Right of access (Art. 15) — get a copy of your data. Self-service: "Export my data" button.
Right to rectification (Art. 16) — fix anything wrong. Self-service: edit your profile.
Right to erasure / "right to be forgotten" (Art. 17) — delete your account and all associated personal data. Self-service: "Delete my account" button. Hard delete, immediate, no recovery.
Right to restrict processing (Art. 18) — pause specific uses of your data. Email us; for live tracking, leaving the ride achieves this immediately.
Right to data portability (Art. 20) — receive your data in a machine-readable format. Self-service export delivers JSON, CSV, and GeoJSON.
Right to object (Art. 21) — particularly to processing on legitimate interests. Email us. The two LI activities — rate-limit logging and error monitoring — are explicitly enumerated above.
Rights related to automated decision-making (Art. 22) — Drove makes no automated decisions that produce legal or similarly significant effects, so this does not apply to us.
Right to lodge a complaint with a supervisory authority (Art. 77) — you can complain to ANSPDCP at https://www.dataprotection.ro at any time.

6. Security

All data is stored encrypted at rest by our cloud provider (Supabase) and is transmitted over TLS.
Access from inside the app is gated by row-level security in the database — every query is checked against your identity, server-side, before it is allowed.
Administrative actions on user data are written to an audit log.
We use Google or Microsoft single sign-on for organiser accounts; we do not store organiser passwords.
Riders who join via QR code use a short-lived authentication token bound to a specific ride; that token cannot be refreshed or used outside the ride.

7. Children

Drove is not for users under 16. By Romanian law (Law 190/2018, implementing GDPR Art. 8), the digital age of consent is 16, and we do not have a parental-consent verification mechanism. The app asks every new user to confirm they are 16 or older before they can join or sign in. If you become aware that a child under 16 has provided data to us, please email petrepopescu21@gmail.com and we will delete it.

8. Who else processes your data

We use a small number of third-party services to run Drove. Each of them processes personal data on our behalf, under a written Data Processing Agreement (DPA). The full list — including each company's location, the type of data they handle, and the legal mechanism that protects EU-to-non-EU data transfers — is in sub-processors.md.

In summary:

Supabase (Ireland) — primary database, authentication, file storage, real-time pipeline. Your data is stored in the European Union.
Vercel (United States; we use their EU regions for Drove) — hosting for the admin web dashboard.
Google LLC (United States) — Google Maps API and Google sign-in.
Microsoft (United States) — Microsoft sign-in.
Sentry (preferred: Germany region; otherwise United States) — error monitoring.
Apple and Google (Play Store) — app distribution.
Expo (650 Industries) (United States) — the build pipeline that produces the mobile app binaries; does not process user data at runtime.

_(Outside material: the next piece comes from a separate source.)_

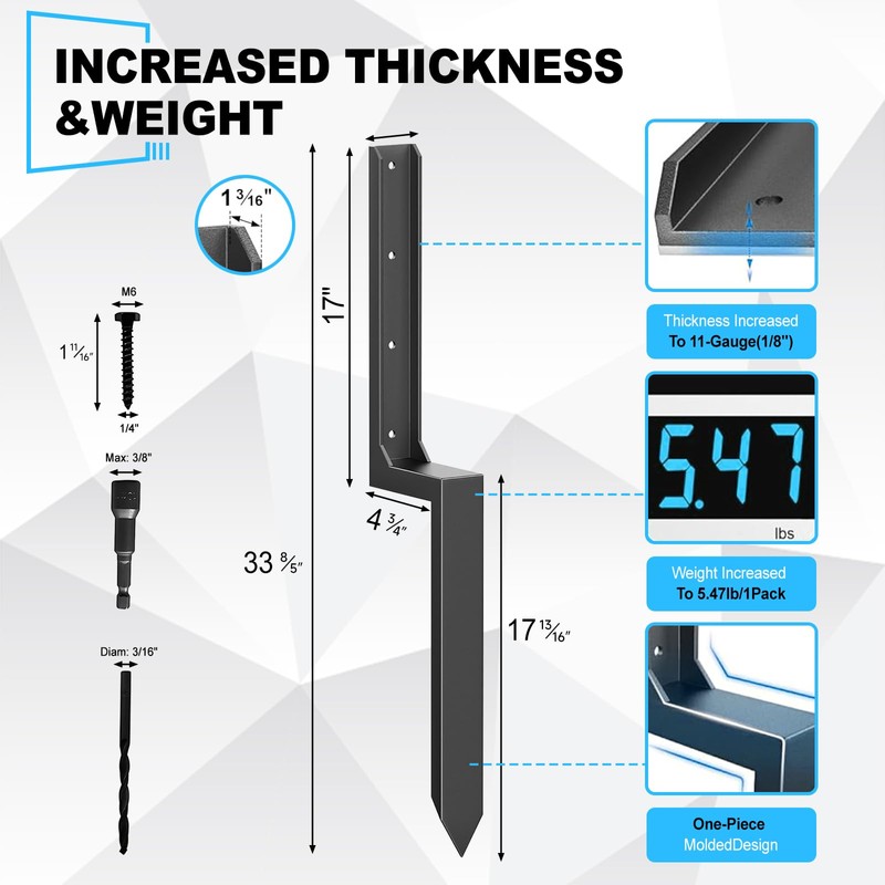 - 【Durable】33.62 inch fence post repair kit is crafted with heavy-duty metal, thickness reaches to 11-Gauge (1/8" x 2"). Deep Ground Length: 16.62 inches; Weight is 5.47lb for 1 Pack. It exhibits exceptional strength and durability. Our Fence Post Stakes are coated for rust resistance and designed to withstand yard, agricultural, and estate conditions. Providing strong anchoring for wood fence posts, garden, gate, and more.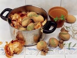 Луковая шелуха. Легко достать, легко красить. Цвет таким способом можно получить от желтого до красно-коричневого. Все зависит от концентрации отвара, чтобы цвет был более насыщенным, шелухи надо взять побольше. Варить ее нужно около получаса до того, как опускать в отвар яйца. Затем подержать еще 10 минут, вынуть и остудить.

We do not sell your data to anyone. We do not share it with advertising networks. We do not pass it to anyone for direct marketing.

9. International transfers

Your data is primarily stored in the European Union (Ireland, on Supabase). For some of the third parties listed above (Google, Microsoft, Sentry US, Vercel, Expo), some processing happens in the United States. Those transfers are protected either by:

the EU–US Data Privacy Framework for vendors who are certified under it (Google, Microsoft); or
Standard Contractual Clauses (SCCs) issued by the European Commission for vendors who are not.

The mechanism in force per vendor is documented in sub-processors.md.

10. Changes to this policy

If we change this policy in a way that materially affects you, we will:

Update the version: field at the top of this document and at version: YYYY-MM-DD references inside the app code,
Re-prompt every user to accept the new version on their next session.

You can always see the change history on GitHub.

11. How to contact us

Email: petrepopescu21@gmail.com

We aim to respond to data-subject requests within 30 days as required by GDPR Art. 12(3), and usually faster.